Nine years later, she still hadn’t beaten me at Scrabble, and I still hadn’t married her.

If it sounds like I was a jerk to her, you’re right. I knew she could never beat me at Scrabble. The only person who can beat me at Scrabble is Colin O’Brien, the son that Karen and I had together, the first living product of our love, followed by Kerry O’Brien, who has red hair like her mother and who is therefore a handful. Oh, and we bucked the trend, the trend that was beginning even twenty years ago today, the day Karen and I got married. We decided to get married before having children.

Yes, we got married, and today’s our twentieth anniversary—although we had been dating for nine years prior. I was not, you see, into commitment. And I could really play Scrabble.

So the reason I’m writing this is both to mark the occasion and also to reflect a bit on the great mystery of our lives, which is who we love and who loves us back.

And if you think about it, this really is a mystery—especially in the case of Kevin and Karen O’Brien. To begin with, Karen and I are opposites. I am poetic, she is down to earth. I am an actor, she is sane. I am an intellectual, she likes Hallmark movies.

Had we joined a dating service, we would never have been matched, for we are not compatible. But then again, men and women really aren’t compatible. And as G.K. Chesterton said, “I have known many happy marriages, but never a compatible one.”

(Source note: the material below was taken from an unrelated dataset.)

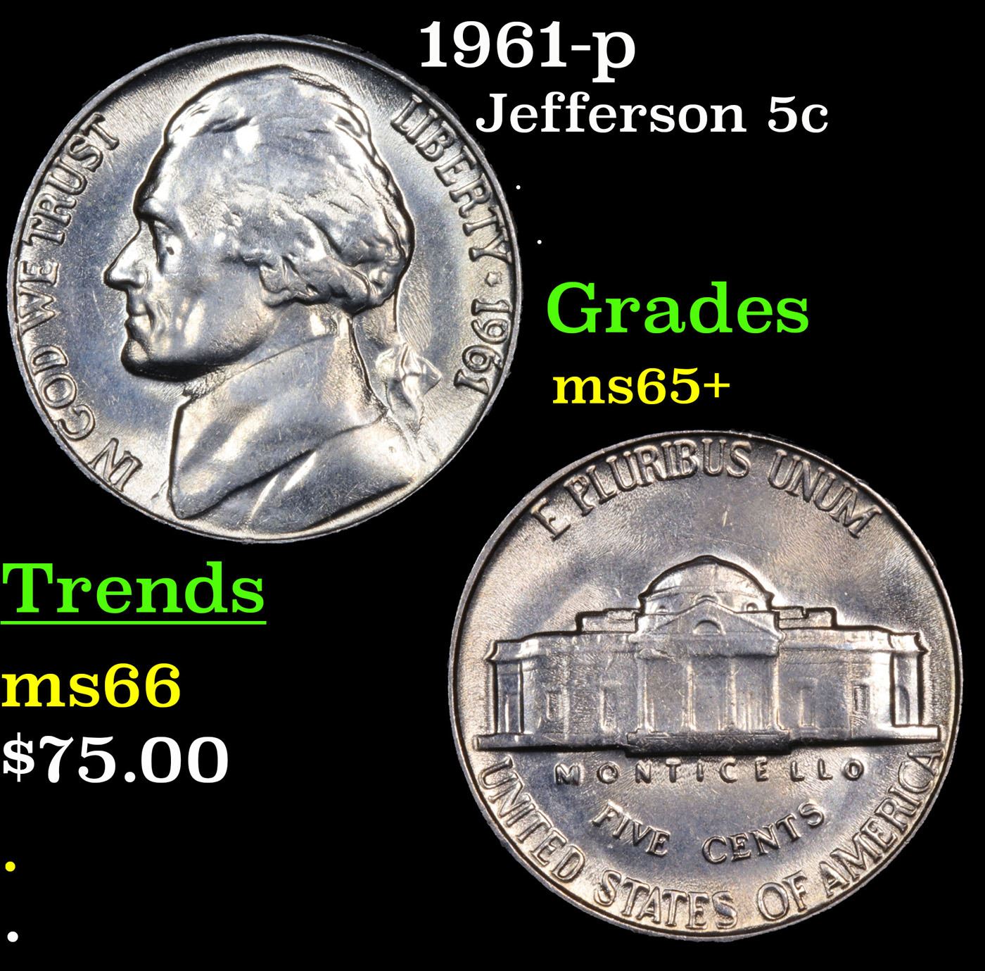 1961-p Jefferson Nickel 5c Grades GEM+ Unc.

And yet somehow it works. Despite all of my flaws, and all of hers, despite nine years of premarital game playing, despite hurdles too vast to imagine, it works. She knows me better than anyone else, and she still loves me. I know her better than anyone else, and I still love her. We would die for one another. We are really only comfortable around one another (except when we’re driving each other crazy). We both converted together and came into the Church together eleven years ago, and that has strengthened our marriage, but there was a foundation present before that, one of utter acceptance and mutual sacrifice.

Isn’t that odd?

St. Paul wrote to the Corinthians, “Now this I say, he who sows sparingly will also reap sparingly, and he who sows bountifully will also reap bountifully . . . Now He who supplies seed to the sower and bread for food will supply and multiply your seed for sowing and increase the harvest of your righteousness.”

Paul is telling us not only to sow our seed generously, but also that God will increase our seed as well as our harvest, a harvest of righteousness. But as we know in the parable of the sower, the seed of God is not always received, nor does it always mature to harvest. And Our Lord tells us not to cast our pearls before swine and to shake the dust off of our feet against those who reject His Word.

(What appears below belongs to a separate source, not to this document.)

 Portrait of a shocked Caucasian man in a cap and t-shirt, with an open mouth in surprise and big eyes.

So we have here both in daily life and in the economy of salvation, two great mysteries.

First is the Mystery of the Seed—or, of the potential of fruition inherent in the seed—the increase it holds in germinal form. “Increase is mine, saith the Lord.” Think about that. We all know the frustrations and joys of work and of love, but nothing would come of it, none of it would be productive without this miracle of increase God stores in the seed.

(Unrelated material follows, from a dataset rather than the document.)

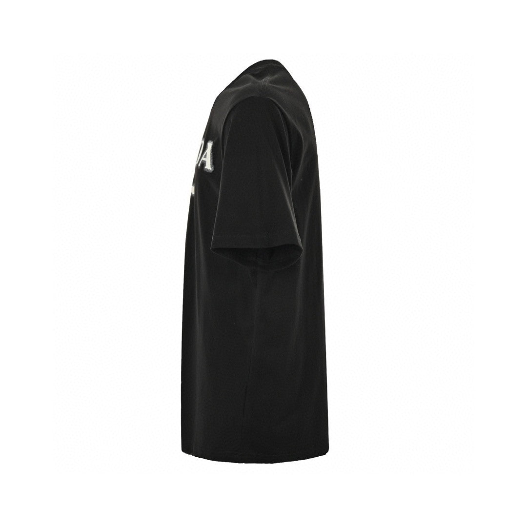 Ce t-shirt Prada arbore un design classique orné du logo Prada Milano et d'un emblème blanc sur la poitrine. Confectionné en coton noir de haute qualité, il allie confort et élégance. Parfait pour un look raffiné et stylé, ce t-shirt est un incontournable de toute garde-robe.

But the second great mystery—and it is a mystery that we see both on a natural level and on a supernatural level—is the mystery of reception; the other half of the mystery of the seed, which we might term the Mystery of the Soil. This is the mystery of Mary. When Mary says yes, God becomes flesh; when the seed falls in good soil, the harvest feeds us; when the Word is cultivated in our hearts, He lives in us and through us. The increase comes both from the seed and from the soil, from the instigation and the reception—from loving and being loved back.

For the flipside of reception is rejection. Mary could have said no; most of the examples in the parable of the sower are about the seed being trampled or choked or not taking root; the dogs and the swine might turn and rend us when we offer the pearls of great value, the seeds of new life.

And so I am grateful that Karen Louise Robertson was receptive, that through our love God worked His increase. The satisfaction of love is such a rich and profound thing, such a surprise. The rejection of love is such a droning pain. And a wife to love—this is satisfaction; this is enough. For from this comes all else of value in this life.

Because in your mortality the most
Of all we may inherit has been found—
Children for memory: the Faith for pride.
Good land to leave: and young Love satisfied.